Instead they offer an approach that is based on
“adaptation” to the vagaries of the climate, with a focus
on the production of cheap and affordable power.
In
their paper they also explain, “There is no obvious logical
reason for connecting policies for reducing emissions of
methane with those for reducing the emissions of
halocarbons” thus casting doubt on what has always been a
senseless decision by the government to include methane
and agriculture in New Zealand’s emissions trading scheme,
when most agricultural methane production is through the
natural digestive processes of ruminants.
In
their paper, the Hartwell scholars condemn the behaviour of
those who exaggerated man-made global warming by manipulating
data and discrediting those who raised legitimate concerns.
One such agency that gets special mention “as a consequence
of errors and sloppiness, many of longer standing” is the
Intergovernmental Panel on Climate Change (IPCC). This is the
United Nation’s agency that Climate Change Minister Nick
Smith said he relied on to provide the evidence that justified
the National Party’s decision to introduce their emissions
trading scheme - instead of suspending it to align with
Australia, as many were suggesting including over 4,000
readers of this newsletter (to sign the petition to suspend
the ETS – click
here >>>).
The
Harwell report explains that as a result of “climategate”
and falsifications carried out by the IPCC and other
government agencies, “Universities, governments and the
United Nations are all now conducting inquiries into many
aspects of climate science and the conduct of climate
scientists and science bureaucrats.

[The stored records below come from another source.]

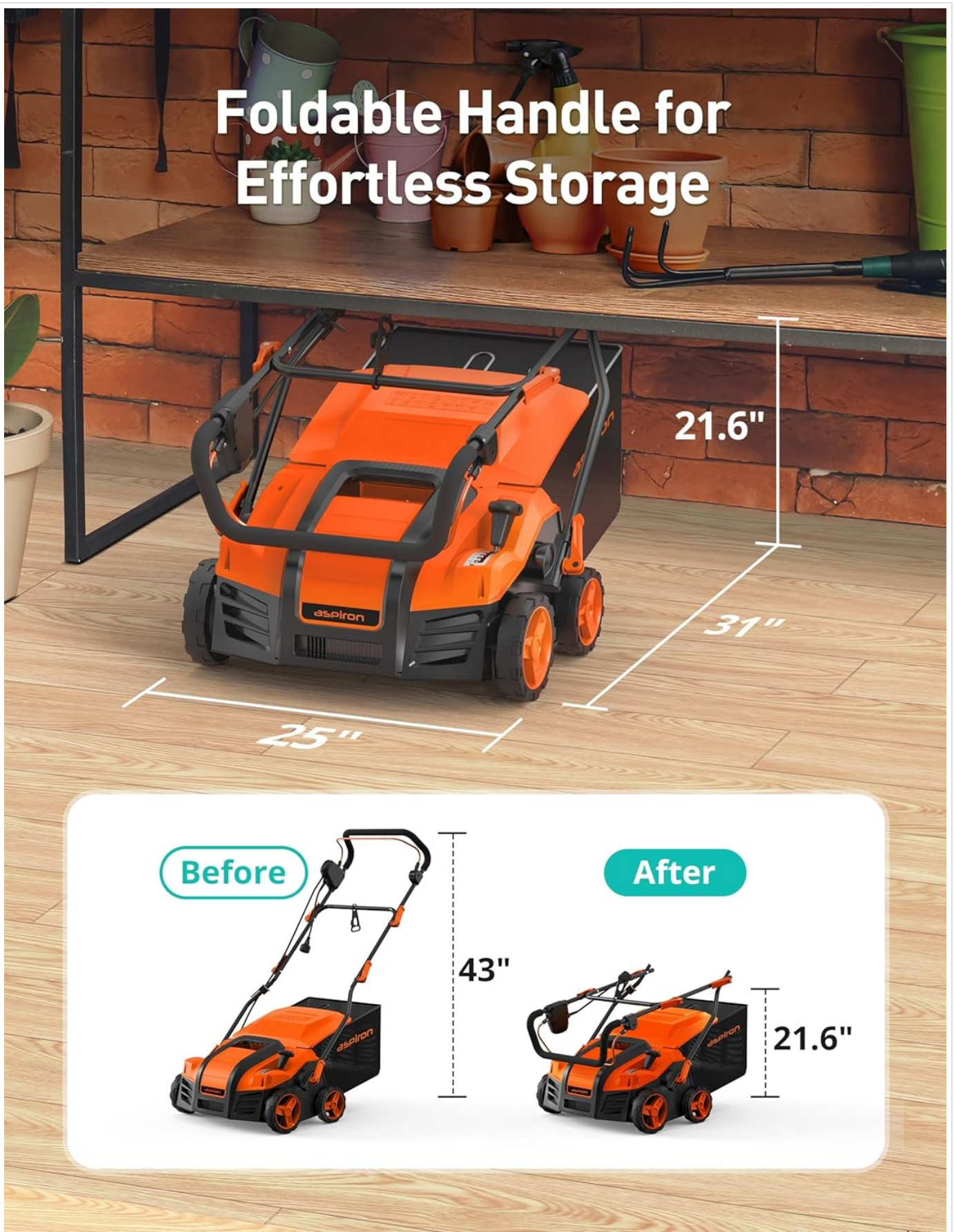
Image: The dethatcher scarifier with its handle folded, demonstrating its compact storage capability.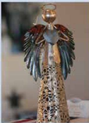
Metallic Angel Decor 4036-02 $27.95

Beautiful gold angel holding heart, 12" tall. 8" tall angel also available.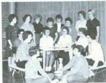
W.A.A. girls meet in Dotzour Lounge to discuss points.

In short, the legitimacy
of the institutions of climate policy and science are no
longer assured.”
This
of course is a live issue here in New Zealand where the
legitimacy of claims by NIWA (the government’s National
Institute for Water and Atmospheric Research), that our
country has experienced greater levels of global warming over
the last hundred years than virtually any other country in the
world, comes under scrutiny.
The
New Zealand Climate Science Coalition, a group led by climate
science experts committed to ensuring that New Zealanders
receive balanced scientific opinions that reflect the truth
about climate change, have lodged a claim in the High Court
challenging NIWA’s evidence that New Zealand’s climate has
warmed by 1°C
over the last
hundred years. This temperature increase is almost double the
global average for that period and was used by the government
to justify an emissions trading scheme.
This
week’s NZCPR Guest Commentator, Bryan Leyland, the chairman
of the Coalition’s economics panel and electricity industry
consultant, explains:
“The New Zealand
Climate Science Coalition has asked the High Court to rule on
the validity of NIWA's "Seven Station" New Zealand
Temperature Record (NZTR) that features prominently on its
website and is used in information it passes on to schools and
is also used to support the emission trading scheme, resource
consent applications for wind farms and many other key aspects
of policies designed to ‘fight climate change’. If this
action succeeds, NIWA will be obliged to withdraw the Seven
Station series and all the advice that they had given based on
it. They will also be required to produce a new NZTR, which is
both transparent and independently peer reviewed.
“From information
available on NIWA's website, Coalition members have been able
to plot temperatures from 1900 to the present based on the
actual readings of the thermometers and based on the readings
from the same thermometers after adjustment by NIWA. The
unadjusted readings showed an insignificant warming of 0.3°C
per century while the adjusted readings show a warming of 1°C
per century.”
In
his article
Bryan
reminds us that official claims of excessive warming have
extended further than just paving the way for the government
to introduce an emissions trading scheme: “
New Zealand
's temperature record has a disproportionate effect on
global estimates, because there are very few long-term
temperature stations in the
Pacific Ocean
. It influences government policies, at central, regional and
local level, in their policies to ‘fight climate change’.
These include the economically damaging emissions trading
scheme, devaluing seaside properties because of fears of
extreme sea level rise, incentives for expensive and
ineffective windfarms and disincentives for what could be
really useful – new fossil-fuel power generation.” To
read
Bryan
’s full article, click
here >>>
No matter what the outcome of the court challenge, it is only
foolish governments that think they can control the climate by
imposing financial penalties on their citizens. Common sense
should tell them that climate cycles and climate ‘events’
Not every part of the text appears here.